Goal of the exercise:
Exactly as they appear below, repeat the lines from the one with "北京二鍋頭公司現有員工400" through the one with "2014年各季度及2015年", and no others.

Supplied records:
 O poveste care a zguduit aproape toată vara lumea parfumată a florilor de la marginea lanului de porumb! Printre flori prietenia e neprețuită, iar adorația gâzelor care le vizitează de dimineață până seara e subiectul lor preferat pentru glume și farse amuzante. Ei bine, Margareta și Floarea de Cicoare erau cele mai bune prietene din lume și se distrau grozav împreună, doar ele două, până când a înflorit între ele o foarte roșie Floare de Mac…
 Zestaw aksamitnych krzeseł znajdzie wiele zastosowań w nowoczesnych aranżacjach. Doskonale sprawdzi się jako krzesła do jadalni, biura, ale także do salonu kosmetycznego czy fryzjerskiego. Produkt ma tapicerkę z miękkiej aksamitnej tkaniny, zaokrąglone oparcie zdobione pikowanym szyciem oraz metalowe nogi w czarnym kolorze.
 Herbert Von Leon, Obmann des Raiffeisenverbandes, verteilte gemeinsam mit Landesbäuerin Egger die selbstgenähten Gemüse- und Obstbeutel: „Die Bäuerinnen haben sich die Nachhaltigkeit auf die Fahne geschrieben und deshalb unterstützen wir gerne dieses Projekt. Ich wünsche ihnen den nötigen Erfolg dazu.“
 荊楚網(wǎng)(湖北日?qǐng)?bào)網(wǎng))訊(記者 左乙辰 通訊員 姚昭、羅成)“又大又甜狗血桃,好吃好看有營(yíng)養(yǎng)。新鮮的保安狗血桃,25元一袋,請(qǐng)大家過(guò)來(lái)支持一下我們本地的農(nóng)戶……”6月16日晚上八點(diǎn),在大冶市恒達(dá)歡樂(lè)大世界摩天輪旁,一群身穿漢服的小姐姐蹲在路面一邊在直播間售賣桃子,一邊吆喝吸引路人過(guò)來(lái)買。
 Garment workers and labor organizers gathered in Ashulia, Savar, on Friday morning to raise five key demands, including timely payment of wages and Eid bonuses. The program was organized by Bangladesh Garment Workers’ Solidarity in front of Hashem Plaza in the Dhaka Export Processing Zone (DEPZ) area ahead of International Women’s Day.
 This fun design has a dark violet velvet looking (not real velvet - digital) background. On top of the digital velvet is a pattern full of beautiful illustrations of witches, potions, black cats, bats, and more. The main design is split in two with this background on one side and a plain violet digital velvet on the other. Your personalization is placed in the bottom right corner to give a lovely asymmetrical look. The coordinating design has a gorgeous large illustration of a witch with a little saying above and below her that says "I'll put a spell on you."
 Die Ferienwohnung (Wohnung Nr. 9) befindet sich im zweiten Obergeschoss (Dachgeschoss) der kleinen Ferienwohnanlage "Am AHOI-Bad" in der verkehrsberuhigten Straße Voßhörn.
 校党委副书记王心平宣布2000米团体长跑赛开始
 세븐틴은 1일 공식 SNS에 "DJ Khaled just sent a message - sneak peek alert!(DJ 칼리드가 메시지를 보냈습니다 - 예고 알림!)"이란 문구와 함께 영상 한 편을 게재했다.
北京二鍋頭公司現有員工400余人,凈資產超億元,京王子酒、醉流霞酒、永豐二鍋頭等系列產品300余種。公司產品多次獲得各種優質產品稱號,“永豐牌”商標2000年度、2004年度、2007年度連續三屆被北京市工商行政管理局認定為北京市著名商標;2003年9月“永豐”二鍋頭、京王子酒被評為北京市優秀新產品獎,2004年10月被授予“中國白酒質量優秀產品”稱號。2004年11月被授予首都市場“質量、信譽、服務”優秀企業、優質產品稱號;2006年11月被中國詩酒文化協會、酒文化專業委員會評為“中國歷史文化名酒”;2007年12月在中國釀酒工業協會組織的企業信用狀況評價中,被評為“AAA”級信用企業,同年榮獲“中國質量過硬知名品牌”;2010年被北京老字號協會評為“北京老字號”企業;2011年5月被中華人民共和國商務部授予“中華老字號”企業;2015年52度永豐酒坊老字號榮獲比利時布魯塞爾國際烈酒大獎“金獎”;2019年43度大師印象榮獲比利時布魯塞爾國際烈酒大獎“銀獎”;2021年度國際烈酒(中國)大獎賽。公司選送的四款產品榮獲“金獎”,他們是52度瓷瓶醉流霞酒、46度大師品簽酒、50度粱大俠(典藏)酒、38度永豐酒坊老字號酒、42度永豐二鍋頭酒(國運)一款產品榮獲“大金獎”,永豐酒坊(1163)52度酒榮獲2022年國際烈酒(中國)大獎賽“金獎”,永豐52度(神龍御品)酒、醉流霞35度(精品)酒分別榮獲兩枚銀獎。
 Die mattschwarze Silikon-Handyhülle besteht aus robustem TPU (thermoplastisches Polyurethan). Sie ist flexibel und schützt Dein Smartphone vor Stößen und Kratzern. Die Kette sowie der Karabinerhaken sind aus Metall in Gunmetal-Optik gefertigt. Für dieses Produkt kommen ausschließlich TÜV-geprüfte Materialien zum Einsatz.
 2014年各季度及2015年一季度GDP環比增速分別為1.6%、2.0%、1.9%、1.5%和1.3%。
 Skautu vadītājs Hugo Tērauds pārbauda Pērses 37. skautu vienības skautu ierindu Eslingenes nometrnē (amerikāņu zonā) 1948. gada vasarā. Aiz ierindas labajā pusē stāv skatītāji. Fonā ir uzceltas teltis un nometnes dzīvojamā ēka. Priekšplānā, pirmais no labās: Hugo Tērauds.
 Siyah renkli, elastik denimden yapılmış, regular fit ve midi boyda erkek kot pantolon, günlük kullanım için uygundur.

Solution for this problem:
北京二鍋頭公司現有員工400余人,凈資產超億元,京王子酒、醉流霞酒、永豐二鍋頭等系列產品300余種。公司產品多次獲得各種優質產品稱號,“永豐牌”商標2000年度、2004年度、2007年度連續三屆被北京市工商行政管理局認定為北京市著名商標;2003年9月“永豐”二鍋頭、京王子酒被評為北京市優秀新產品獎,2004年10月被授予“中國白酒質量優秀產品”稱號。2004年11月被授予首都市場“質量、信譽、服務”優秀企業、優質產品稱號;2006年11月被中國詩酒文化協會、酒文化專業委員會評為“中國歷史文化名酒”;2007年12月在中國釀酒工業協會組織的企業信用狀況評價中,被評為“AAA”級信用企業,同年榮獲“中國質量過硬知名品牌”;2010年被北京老字號協會評為“北京老字號”企業;2011年5月被中華人民共和國商務部授予“中華老字號”企業;2015年52度永豐酒坊老字號榮獲比利時布魯塞爾國際烈酒大獎“金獎”;2019年43度大師印象榮獲比利時布魯塞爾國際烈酒大獎“銀獎”;2021年度國際烈酒(中國)大獎賽。公司選送的四款產品榮獲“金獎”,他們是52度瓷瓶醉流霞酒、46度大師品簽酒、50度粱大俠(典藏)酒、38度永豐酒坊老字號酒、42度永豐二鍋頭酒(國運)一款產品榮獲“大金獎”,永豐酒坊(1163)52度酒榮獲2022年國際烈酒(中國)大獎賽“金獎”,永豐52度(神龍御品)酒、醉流霞35度(精品)酒分別榮獲兩枚銀獎。
 Die mattschwarze Silikon-Handyhülle besteht aus robustem TPU (thermoplastisches Polyurethan). Sie ist flexibel und schützt Dein Smartphone vor Stößen und Kratzern. Die Kette sowie der Karabinerhaken sind aus Metall in Gunmetal-Optik gefertigt. Für dieses Produkt kommen ausschließlich TÜV-geprüfte Materialien zum Einsatz.
 2014年各季度及2015年一季度GDP環比增速分別為1.6%、2.0%、1.9%、1.5%和1.3%。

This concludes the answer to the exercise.